溺愛狂瀾〜元恋人たちの襲来で、私たちの恋は狂いだす〜

トク、トク、と心地いい鼓動が、私の背中から伝わってくる。
カーテン越しに柔らかな朝の光が差し込む寝室。
後ろから私を壊れ物のようにきつく抱きしめ、首筋に深く顔を埋めているのは、数年前と変わらない、私の最愛の夫──瀬名蓮だ。
あの嵐の夜の逃避行から、数年が経った。
私たちは高校を退学したあと、親たちの追跡からも、世間の冷ややかな目からも完全に隠れるようにして、遠い海沿いの小さな町へと移り住んだ。
お父さんは犯した罪のすべてを認め、法的な償いを終えた。
今では遠くから私たちの幸せを静かに祈ってくれている。
そして、私たちの仲を引き裂こうとした太陽くんと麗奈ちゃんの消息は、もう誰も知らない。
私たちの世界から、彼らの存在は完全に消え去った。
「……紬、おはよう。
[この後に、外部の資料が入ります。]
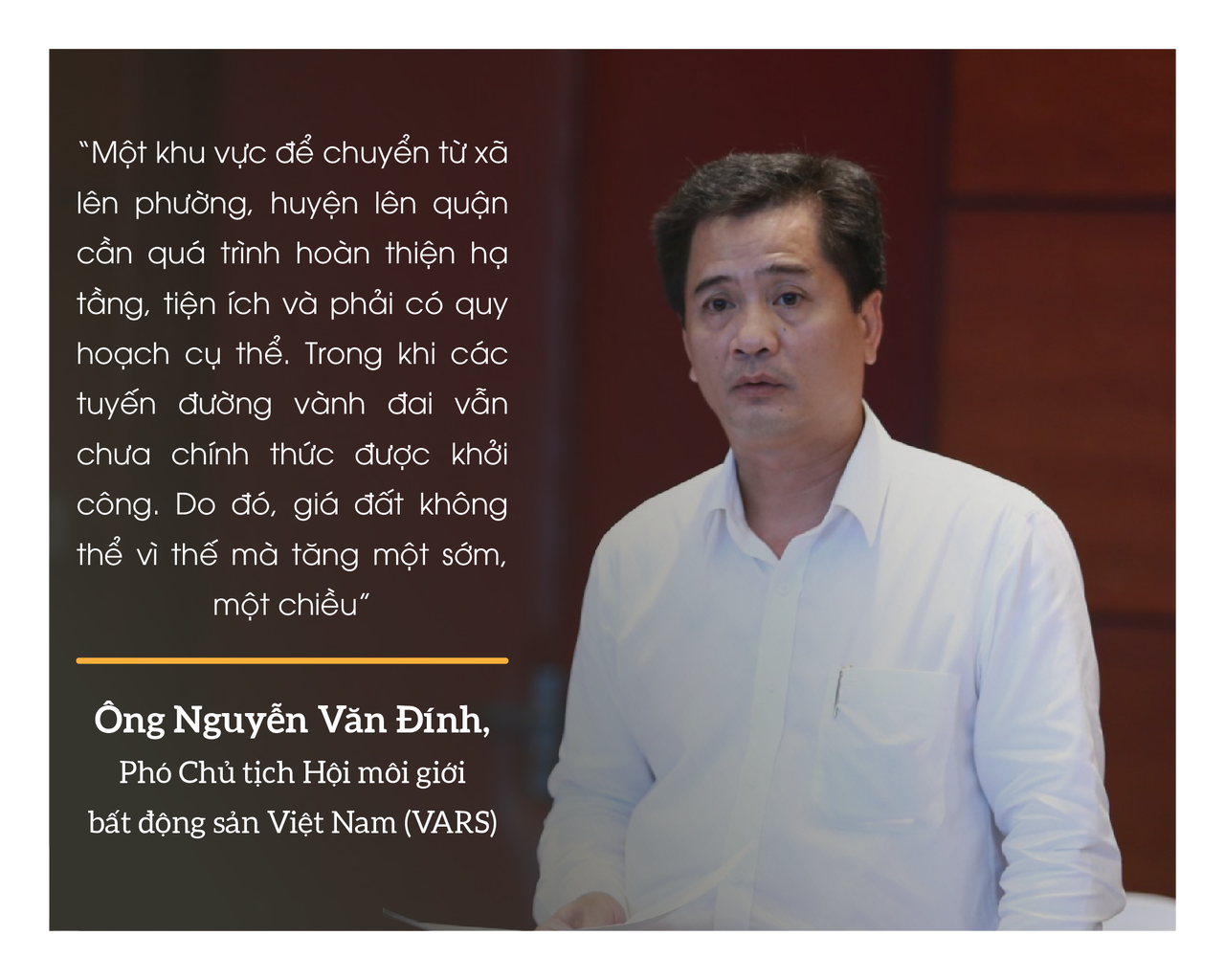 “Hơn nữa, đây mới chỉ là sự thay đổi hành chính, địa danh. Một khu vực để chuyển từ xã lên phường, huyện lên quận cần quá trình hoàn thiện hạ tầng, tiện ích và phải có quy hoạch cụ thể. Trong khi các tuyến đường vành đai vẫn chưa chính thức được khởi công. Do đó, giá đất không thể vì thế mà tăng một sớm, một chiều”, ông Đính nhận định.

今日も世界で一番可愛いね」
耳元で囁かれた、低くて心地いいハニーボイス。
振り返ると、少し大人びてさらに格好よくなった蓮くんが、愛おしそうに目を細めて微笑んでいた。
「もう、蓮くん。毎日起きて最初にそれ言うの、全然変わらないね」
「当たり前じゃん。俺の世界には、紬しか映ってないんだから」
蓮くんは私の頬を大きな手で包み込み、宝物を慈しむように優しく唇を重ねてくる。
今の蓮くんの足には、あの事故の、そしてあの山道でのチェイスの傷跡が今も生々しく残っている。
彼はもう、二度と陸上のトラックを全力で走ることはできない。
けれど、彼はその失った未来のすべてを、私という存在で埋め尽くすことで、この上ない幸福を感じていた。
今の蓮くんは、在宅でのデザインの仕事をしながら、一日のほとんどの時間を私を甘やかし、守り、愛することだけに費やしている。
私のスマートフォンには、今も蓮くん以外の連絡先は入っていない。
外出する時は必ず蓮くんが一緒だし、私の視線が他の誰かに一瞬でも向けば、彼は今でも捨てられた犬のような目で私を締め付ける。
世間の人は、これを「異常な依存」と呼ぶかもしれない。
けれど、今の私は知っている。
私はただ、与えられる愛に溺れるだけの無力なお姫様じゃない。
蓮くんのその狂気的な執着を丸ごと愛し、彼の世界のすべてになってあげることで、彼を支配している──世界で一番強欲な、お姫様なのだ。
「ねえ、蓮くん。今日はこれから、海辺のお散歩に行こ?」
「うん、紬がそうしたいなら、どこへでも行こう。一生、俺の傍から離れないでね」
「離れるわけないじゃん。私は、蓮くんの檻の中が一番大好きなんだから」
クスッと笑って、私はもう一度、彼の広い胸の中に深く顔を埋めた。
かつて朝の昇降口で始まった、完璧だった私たちの溺愛。
それは嘘と秘密、過去の因縁によって一度は残酷に狂い、形を変えたけれど。
すべてを削ぎ落とし、2人きりになったこの小さな部屋で、私たちの愛は誰にも壊せない「永遠の完成形」となった。

甘くて、重くて、息が詰まるほど愛おしい、2人だけの楽園。
私はこれからもずっと、この幸せな溺愛の中で、彼と一緒に生きていく。

──お姫様の恋は、幸せに溺れるために、今度こそ永遠になったのだから。